*WORK TO BE COMPLETED:*
Copy out every record precisely.

*MATERIAL FOR THIS TASK:*
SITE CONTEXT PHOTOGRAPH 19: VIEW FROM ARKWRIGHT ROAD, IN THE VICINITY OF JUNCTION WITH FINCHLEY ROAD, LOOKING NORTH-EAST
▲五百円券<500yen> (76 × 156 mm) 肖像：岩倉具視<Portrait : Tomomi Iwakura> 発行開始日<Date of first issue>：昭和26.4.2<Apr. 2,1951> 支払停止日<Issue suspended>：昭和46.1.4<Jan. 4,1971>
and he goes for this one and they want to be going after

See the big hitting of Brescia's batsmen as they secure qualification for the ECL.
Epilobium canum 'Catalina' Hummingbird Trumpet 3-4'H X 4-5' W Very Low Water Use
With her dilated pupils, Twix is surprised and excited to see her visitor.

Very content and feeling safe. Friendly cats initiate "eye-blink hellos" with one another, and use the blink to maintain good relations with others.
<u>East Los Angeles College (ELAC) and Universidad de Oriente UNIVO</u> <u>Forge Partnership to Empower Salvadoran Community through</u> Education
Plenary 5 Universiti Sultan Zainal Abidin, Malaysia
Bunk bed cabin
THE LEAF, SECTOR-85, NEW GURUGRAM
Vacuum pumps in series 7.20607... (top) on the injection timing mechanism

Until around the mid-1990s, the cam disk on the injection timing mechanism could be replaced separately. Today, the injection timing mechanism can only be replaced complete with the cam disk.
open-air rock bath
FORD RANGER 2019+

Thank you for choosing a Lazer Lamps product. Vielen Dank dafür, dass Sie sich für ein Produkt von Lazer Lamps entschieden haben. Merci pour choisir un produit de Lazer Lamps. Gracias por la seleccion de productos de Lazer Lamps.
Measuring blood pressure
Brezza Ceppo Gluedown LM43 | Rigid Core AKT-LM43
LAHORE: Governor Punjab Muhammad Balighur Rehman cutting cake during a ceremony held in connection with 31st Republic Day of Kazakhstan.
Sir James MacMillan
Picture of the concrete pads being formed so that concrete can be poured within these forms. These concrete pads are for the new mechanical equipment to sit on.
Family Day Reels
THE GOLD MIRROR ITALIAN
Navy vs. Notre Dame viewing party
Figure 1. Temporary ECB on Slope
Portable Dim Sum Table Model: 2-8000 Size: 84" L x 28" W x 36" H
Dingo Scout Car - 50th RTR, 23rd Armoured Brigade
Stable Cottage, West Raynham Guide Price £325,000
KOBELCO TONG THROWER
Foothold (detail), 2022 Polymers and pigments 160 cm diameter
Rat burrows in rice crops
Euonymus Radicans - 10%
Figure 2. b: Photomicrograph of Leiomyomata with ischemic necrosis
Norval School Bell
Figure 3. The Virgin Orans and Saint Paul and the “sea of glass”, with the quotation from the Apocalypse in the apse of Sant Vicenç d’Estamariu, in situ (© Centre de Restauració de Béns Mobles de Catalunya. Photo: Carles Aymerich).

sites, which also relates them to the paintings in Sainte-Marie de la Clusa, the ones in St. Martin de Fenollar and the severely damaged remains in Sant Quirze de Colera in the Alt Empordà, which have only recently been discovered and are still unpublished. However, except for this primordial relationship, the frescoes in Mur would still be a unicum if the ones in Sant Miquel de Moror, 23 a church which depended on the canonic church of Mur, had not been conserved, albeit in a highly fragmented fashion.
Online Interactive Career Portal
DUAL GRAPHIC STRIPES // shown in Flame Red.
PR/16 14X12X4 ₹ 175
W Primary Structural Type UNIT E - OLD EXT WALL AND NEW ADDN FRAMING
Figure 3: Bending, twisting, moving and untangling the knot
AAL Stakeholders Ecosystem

*ANSWER SECTION:*
SITE CONTEXT PHOTOGRAPH 19: VIEW FROM ARKWRIGHT ROAD, IN THE VICINITY OF JUNCTION WITH FINCHLEY ROAD, LOOKING NORTH-EAST
▲五百円券<500yen> (76 × 156 mm) 肖像：岩倉具視<Portrait : Tomomi Iwakura> 発行開始日<Date of first issue>：昭和26.4.2<Apr. 2,1951> 支払停止日<Issue suspended>：昭和46.1.4<Jan. 4,1971>
and he goes for this one and they want to be going after

See the big hitting of Brescia's batsmen as they secure qualification for the ECL.
Epilobium canum 'Catalina' Hummingbird Trumpet 3-4'H X 4-5' W Very Low Water Use
With her dilated pupils, Twix is surprised and excited to see her visitor.

Very content and feeling safe. Friendly cats initiate "eye-blink hellos" with one another, and use the blink to maintain good relations with others.
<u>East Los Angeles College (ELAC) and Universidad de Oriente UNIVO</u> <u>Forge Partnership to Empower Salvadoran Community through</u> Education
Plenary 5 Universiti Sultan Zainal Abidin, Malaysia
Bunk bed cabin
THE LEAF, SECTOR-85, NEW GURUGRAM
Vacuum pumps in series 7.20607... (top) on the injection timing mechanism

Until around the mid-1990s, the cam disk on the injection timing mechanism could be replaced separately. Today, the injection timing mechanism can only be replaced complete with the cam disk.
open-air rock bath
FORD RANGER 2019+

Thank you for choosing a Lazer Lamps product. Vielen Dank dafür, dass Sie sich für ein Produkt von Lazer Lamps entschieden haben. Merci pour choisir un produit de Lazer Lamps. Gracias por la seleccion de productos de Lazer Lamps.
Measuring blood pressure
Brezza Ceppo Gluedown LM43 | Rigid Core AKT-LM43
LAHORE: Governor Punjab Muhammad Balighur Rehman cutting cake during a ceremony held in connection with 31st Republic Day of Kazakhstan.
Sir James MacMillan
Picture of the concrete pads being formed so that concrete can be poured within these forms. These concrete pads are for the new mechanical equipment to sit on.
Family Day Reels
THE GOLD MIRROR ITALIAN
Navy vs. Notre Dame viewing party
Figure 1. Temporary ECB on Slope
Portable Dim Sum Table Model: 2-8000 Size: 84" L x 28" W x 36" H
Dingo Scout Car - 50th RTR, 23rd Armoured Brigade
Stable Cottage, West Raynham Guide Price £325,000
KOBELCO TONG THROWER
Foothold (detail), 2022 Polymers and pigments 160 cm diameter
Rat burrows in rice crops
Euonymus Radicans - 10%
Figure 2. b: Photomicrograph of Leiomyomata with ischemic necrosis
Norval School Bell
Figure 3. The Virgin Orans and Saint Paul and the “sea of glass”, with the quotation from the Apocalypse in the apse of Sant Vicenç d’Estamariu, in situ (© Centre de Restauració de Béns Mobles de Catalunya. Photo: Carles Aymerich).

sites, which also relates them to the paintings in Sainte-Marie de la Clusa, the ones in St. Martin de Fenollar and the severely damaged remains in Sant Quirze de Colera in the Alt Empordà, which have only recently been discovered and are still unpublished. However, except for this primordial relationship, the frescoes in Mur would still be a unicum if the ones in Sant Miquel de Moror, 23 a church which depended on the canonic church of Mur, had not been conserved, albeit in a highly fragmented fashion.
Online Interactive Career Portal
DUAL GRAPHIC STRIPES // shown in Flame Red.
PR/16 14X12X4 ₹ 175
W Primary Structural Type UNIT E - OLD EXT WALL AND NEW ADDN FRAMING
Figure 3: Bending, twisting, moving and untangling the knot
AAL Stakeholders Ecosystem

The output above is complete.